▶ **Work task**:
A verbatim transcript of the data that follows, free of images, is the expected result.

▶ **The data**:
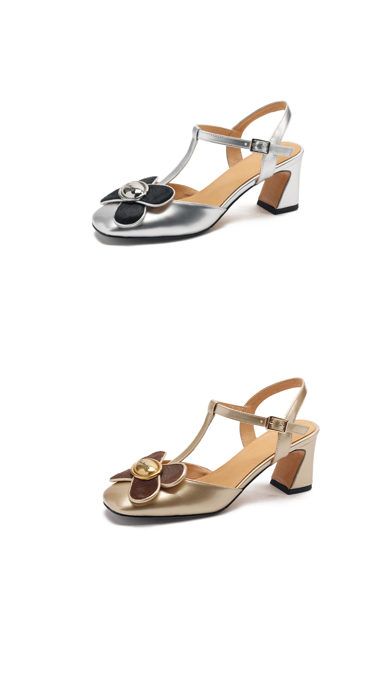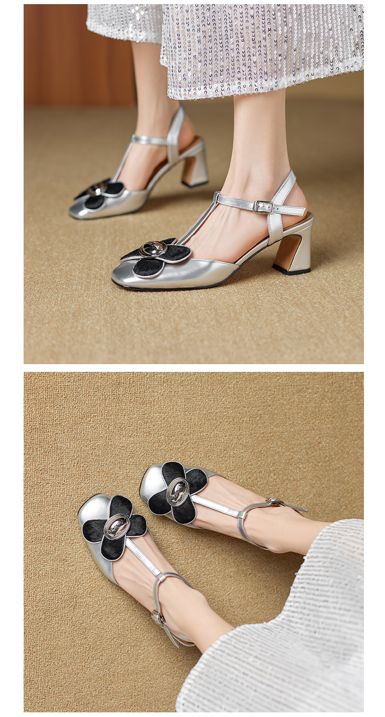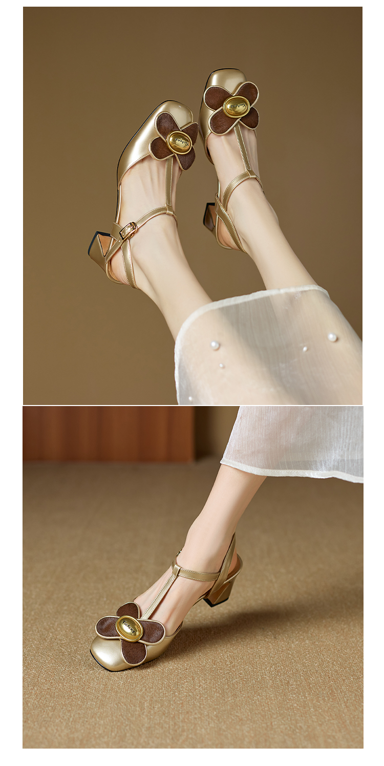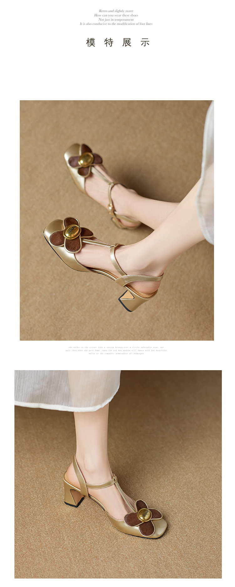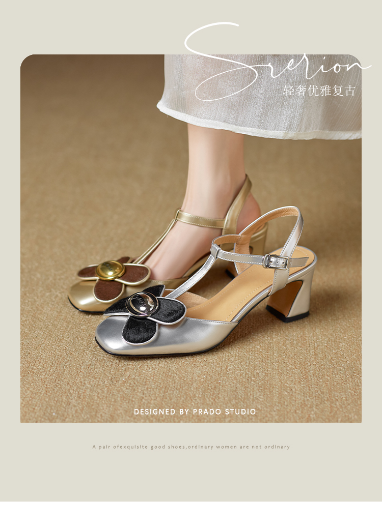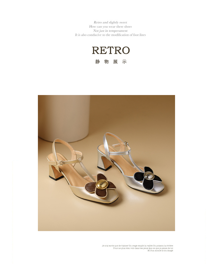 【预售5天】时尚百搭浅口,法式花朵中跟方头玛丽珍凉鞋FH&L12
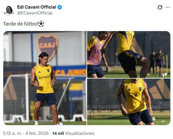 A más de dos meses de su último partido oficial, Edinson Cavani parece tener todo listo para volver a jugar con la camiseta de Boca. El uruguayo quiere estar el domingo en el Estadio José Amalfitani para enfrentar a Vélez, en el marco de la fecha 4 del Torneo Apertura 2026.
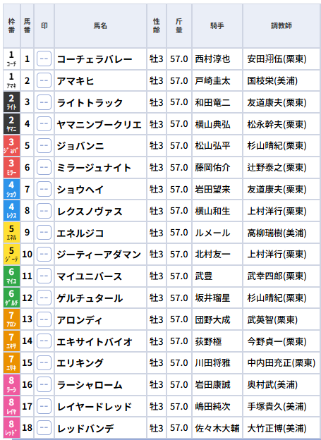 - 18 レッドバンデ (牡3, 佐々木大輔, 大竹正博調教師, 8枠18番, 単勝25.0倍・9人気): キズナ産駒。外枠不利だがスタミナ豊富、やや重で穴。
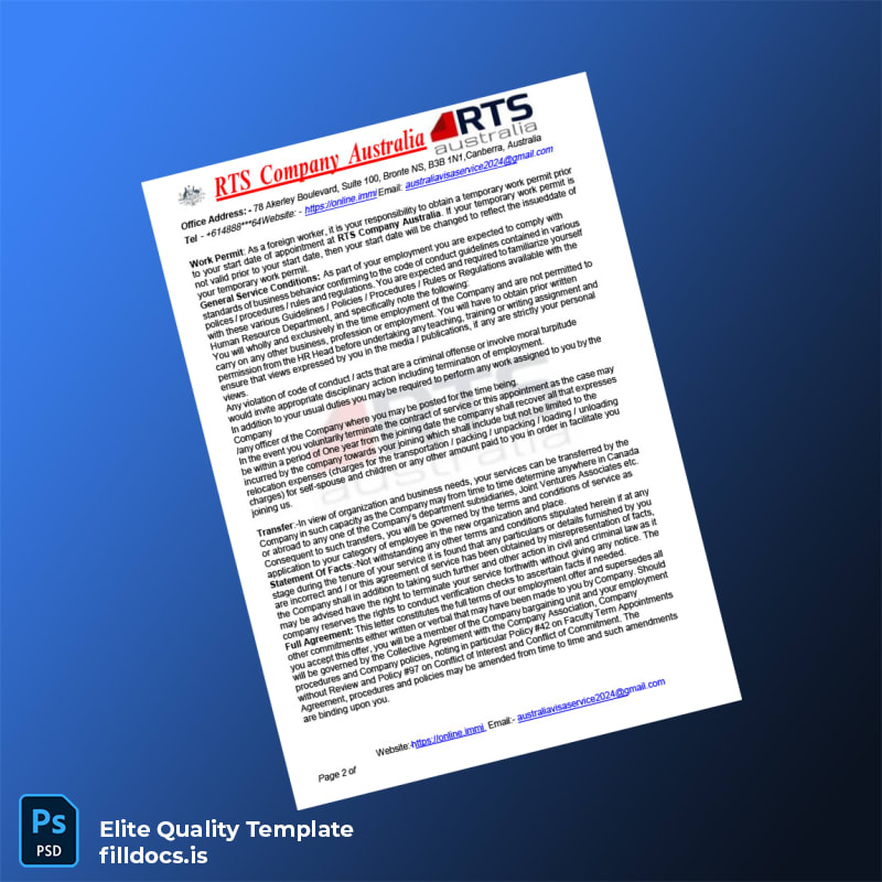 Upgrade your document management by securing this fillable Australia RTS Company Employment Verification Letter Word and PDF template. Confidently generate professional employment verification letters that meet your organizational standards and client expectations. Purchase and download today to ensure rapid, reliable employment verification whenever needed.
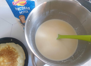 1. Тесто после замеса обязательно нужно оставить "отдохнуть" минут на 5-10. При замесе оно получается как самое жидкое блинное, но если ему дать немного постоять, консистенция изменится (рисовая мука немного разбухнет, впитает влагу).

▶ **Response below**:
 【预售5天】时尚百搭浅口,法式花朵中跟方头玛丽珍凉鞋FH&L12
 A más de dos meses de su último partido oficial, Edinson Cavani parece tener todo listo para volver a jugar con la camiseta de Boca. El uruguayo quiere estar el domingo en el Estadio José Amalfitani para enfrentar a Vélez, en el marco de la fecha 4 del Torneo Apertura 2026.
 - 18 レッドバンデ (牡3, 佐々木大輔, 大竹正博調教師, 8枠18番, 単勝25.0倍・9人気): キズナ産駒。外枠不利だがスタミナ豊富、やや重で穴。
 Upgrade your document management by securing this fillable Australia RTS Company Employment Verification Letter Word and PDF template. Confidently generate professional employment verification letters that meet your organizational standards and client expectations. Purchase and download today to ensure rapid, reliable employment verification whenever needed.
 1. Тесто после замеса обязательно нужно оставить "отдохнуть" минут на 5-10. При замесе оно получается как самое жидкое блинное, но если ему дать немного постоять, консистенция изменится (рисовая мука немного разбухнет, впитает влагу).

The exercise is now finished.